St1: R = 0 when (a + b)/3 --> Implies that a^4 - b^4 is divisible by 3 --> Sufficient

St2: R = 2 when (a^2 + b^2)/3
This implies,
a^2 + b^2 = 3k + 2 = 2, 5, 8, 11, ....................
i.e. Sum of squares should be equal to 2, 5, 8, 11, .... Note that certain integers such as 11 cannot be considered here because 11 cannot be obtained as sum of the squares of two positive integers.
Assume, a^2 + b^2 = 5 --> a = 2; b = 1 --> R = 0 when (a + b)/3 --> So the entire expression is divisible by 3
Assume, a^2 + b^2 = 10001 --> a = 100; b = 1 --> R = 0 when (a - b)/3 --> Expression is divisible by 3
Assume, a^2 + b^2 = 32 --> a = 4; b = 4 --> R = 0 when (a-b)/3 --> Expression is divisible by 3
Therefore, Statement 2 alone is sufficient.

Answer: D

QUESTION #1:

For positive integers a and b, when a^4 - b^4 is divided by 3, what is the remainder?

(1) When a + b is divided by 3, the remainder is 0
(2) When a^2 + b^2 is divided by 3, the remainder is 2



Soln: We know, \(x^2 -y^2 = (x+y)*(x-y)\), so, \(a^4 - b^4 = (a^2 + b^2)*(a^2 - b^2) = (a^2 + b^2)*(a+b)*(a-b)\)

1. Since \((a+b)\) is divisible by 3. We can conclude that \(a^4 - b^4 = (a^2 + b^2)*(a+b)*(a-b)\) will also be divisible by 3. So, remainder must be 0. SUFFICIENT.
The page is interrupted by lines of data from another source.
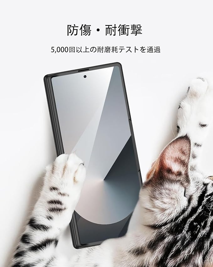 【全身保護・優れた防窺機能】対応 Samsung Galaxy Fold 7 専用のフィルム一体型ケースで、全面保護カバーが機器を守ります。画面とカメラ周囲の突起した防護縁が、落下や擦れによる傷を効果的に防止。薄型設計ながら、本体とカメラを全方位からしっかり保護します。高性能防窺フィルム搭載 卓越した視線遮蔽で他人ののぞき見を防ぎ、プライバシーを守る。オフィスや外出先でも安心して使える。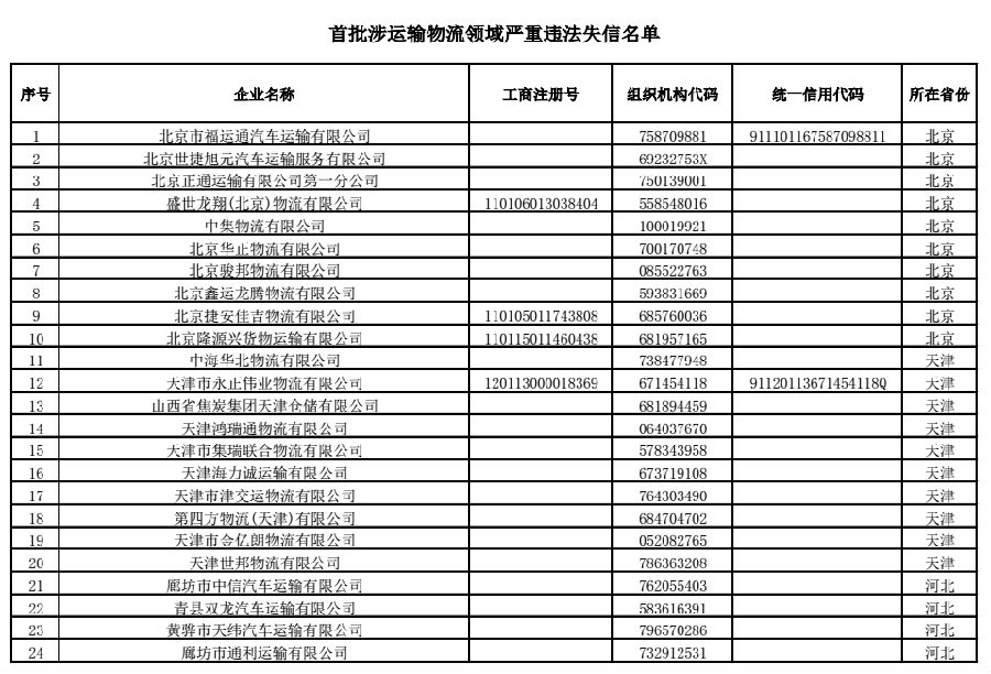 为落实社会信用体系建设部际联席会议有关部署,加快推进运输物流行业信用体系建设,根据《国务院关于建立完善守信联合激励和失信联合惩戒制度加快推进社会诚信建设的指导意见》、《关于我国物流业信用体系建设的指导意见》、《关于对运输物流行业严重违法失信市场主体及其有关人员实施联合惩戒的合作备忘录》等文件要求,在国家发展改革委经济运行调节局指导下,全国信用信息共享平台整理形成首批涉运输物流领域严重违法失信名单。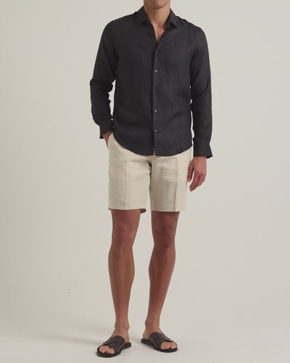 Le maître d’hôtel vous connaît déjà. Juste après l’olivier, la table est dressée pour deux. La lumière étale ses rayons dorés sur le calcaire. De l’autre côté de la place, quelqu’un joue un air doux et familier sur un piano droit usé par le temps. Vous passez votre commande simplement, avec confiance. Vous êtes l’homme inspiré par la Giles. En lin tissé en Italie. Nette là où il faut, adoucie par le soleil et le mouvement. Une coupe ajustée tout en sobriété. Un ourlet arrondi avec des surpiqûres et juste ce qu’il faut d’originalité. Assez élégante pour que l’on se retourne sur votre passage. Suffisamment confortable pour se faire oublier. Pas de vérification devant le miroir. C’est inutile. L’homme le mieux habillé de la pièce a rarement l’air de l’avoir fait exprès.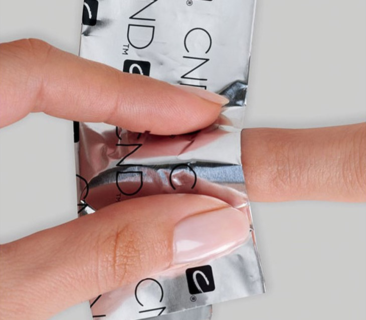 Βήμα 3: Αφαίρεση - Ξετυλίξτε προσεκτικά κάθε δάχτυλο και χρησιμοποιήστε μια απαλή περιστροφική κίνηση, για να αφαιρέσετε το μαλακό πλέον υλικό. Εάν χρειάζεται, μπορείτε να χρησιμοποιήσετε ένα ξυλάκι του μανικιούρ για να ανασηκώσετε το προϊόν, αλλά αποφύγετε την υπερβολική δύναμη ώστε να μην κάνετε ζημιά στα φυσικά νύχια.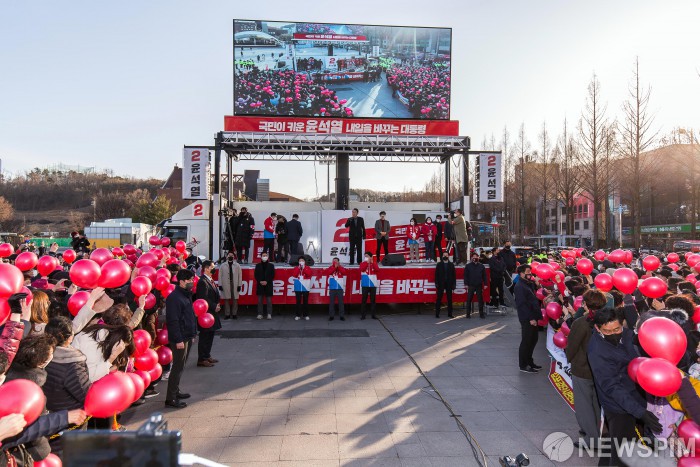 [김포=뉴스핌] 국회사진취재단 = 윤석열 국민의힘 대선 후보가 6일 오후 경기도 김포시 사우동 사우공원 시민회관 앞에서 열린 '젊은 도시 김포를 새롭게, 더 크게' 경기 김포 유세에서 시민들에게 지지를 호소하고 있다. 2022.03.06 photo@newspim.com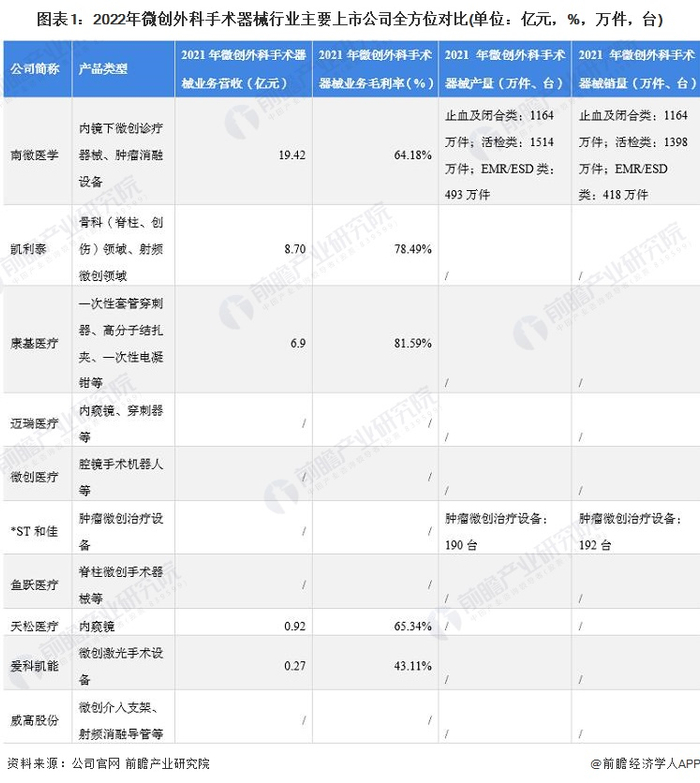 1、中国微创外科手术器械行业主要上市公司全方位对比

2. \(a^2 + b^2\) is divided by 3, the remainder is 2. Lets put some values of a and b and check the value of \(a^2 - b^2.\)
If \(a = 2, b = 1,\) so \(a^2 + b^2 = 5 = 3*1+2.\) We have \(a^2 - b^2 = 3\) ...divisible by 3. So, the remainder when \(a^4 - b^4\) is divided by 3 will be 0. YES.
If \(a = 4, b = 2,\) so \(a^2 + b^2 = 20 = 3*6+2.\) We have \(a^2 - b^2 = 12\) ...divisible by 3. So, the remainder when \(a^4 - b^4\) is divided by 3 will be 0. YES.
If \(a = 2, b = 5,\) so \(a^2 + b^2 = 29 = 3*9+2.\) We have \(a^2 - b^2 = -21\) ...divisible by 3. So, the remainder when \(a^4 - b^4\) is divided by 3 will be 0. YES.
If \(a = 2, b = 10,\) so \(a^2 + b^2 = 104 = 3*34+2.\) We have \(a^2 - b^2 = -96\)...divisible by 3. So, the remainder when \(a^4 - b^4\) is divided by 3 will be 0. YES.
If \(a = 10, b = 4,\) so \(a^2 + b^2 = 116 = 3*38+2.\) We have \(a^2 - b^2 = 84\) ...divisible by 3. So, the remainder when \(a^4 - b^4\) is divided by 3 will be 0. YES.
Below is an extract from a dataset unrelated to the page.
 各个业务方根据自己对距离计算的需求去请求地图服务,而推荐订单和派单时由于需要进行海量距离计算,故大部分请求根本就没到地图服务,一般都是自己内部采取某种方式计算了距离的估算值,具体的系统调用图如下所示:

We can conclude for every a and b, \(a^4 - b^4\) will be divided by 3 or remainder will be 0. SUFFICIENT.

Answer: D.

Wow, I found this one super hard and got it wrong at first, but I've managed to prove that the answer is D, either statement is sufficient. I'm sure i've missed the obvious trick here, but this is how i've done it:

For positive integers a and b, when \(a^4 - b^4\) is divided by 3, what is the remainder?

(1) When \(a + b\) is divided by 3, the remainder is 0
(2) When \(a^2 + b^2\) is divided by 3, the remainder is 2

Firstly note that a and b are positive integers therefore anything constructed from a, b and integer powers of a and b without any division will be an integer. Let's start by factorising the original statement to break it down into easier parts.

\(a^4 - b^4 = (a^2 + b^2)(a^2 - b^2) = (a^2 + b^2)(a + b)(a - b)\)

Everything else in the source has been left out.